Element (parent element)/Child Element (child element)
A parent element refers to an element containing other elements, and the contained element is called its child element. Look at the "structure tree" above, where <myfile> is the parent element, <title>, <author> is its child element, and <myfile> is the child element of <filelist>. The last level element like <title> that does not contain any child elements, we also call it "page element".
(Solution software)
Parser is a tool software that checks whether XML documents comply with DTD specifications.

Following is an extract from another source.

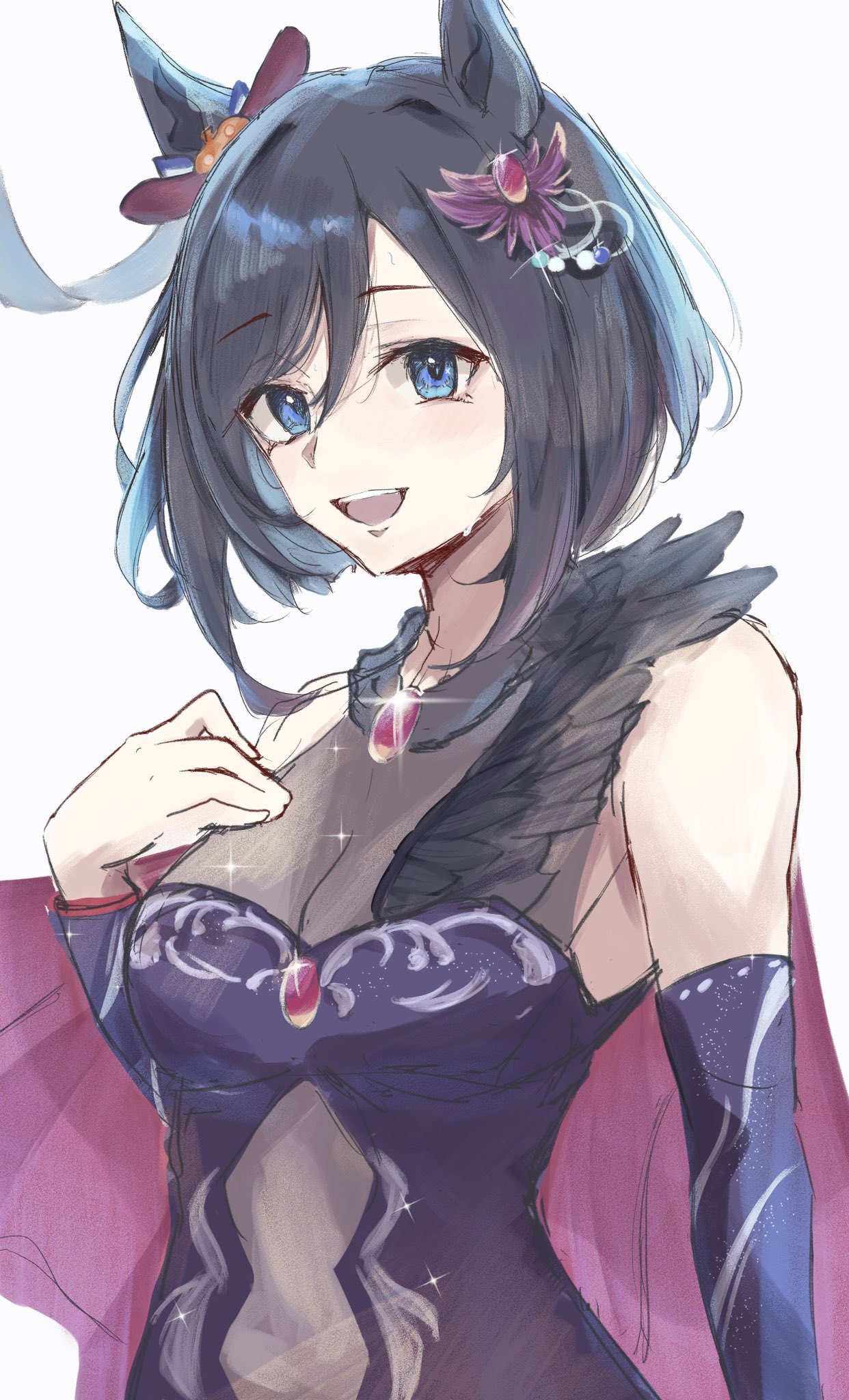 yoake (yoake 04), ripple star queen, zero two (kirby), kirby (series), kirby 64, nintendo, highres, 1girl, black hair, blush, bow, crown, fairy, fairy wings, glasses, hair bow, halo, heart, long hair, pink bow, pink skirt, purple background, purple eyes, skirt, sleeves past fingers, sleeves past wrists, wings

XML parsers have developed into two categories: one is "non-confirm class paeser", which only detects whether the document complies with XML syntax rules and whether the document tree is created with element identifiers. Another type is "confirm class paeser", which not only detects document syntax and structure tree, but also compares whether the element identifier you use complies with the corresponding DTD file specifications.
Parser can be used independently or can be part of editing software or browser. In the following related resource list, I listed some of the most popular parsers.
Well, through the third chapter, we have learned some basic terms of XML and DTD, but we don’t know how to write these files yet and what kind of syntax to follow. In the next chapter, we will focus on the syntax for writing XML and DTD documents. Please continue browsing, thank you!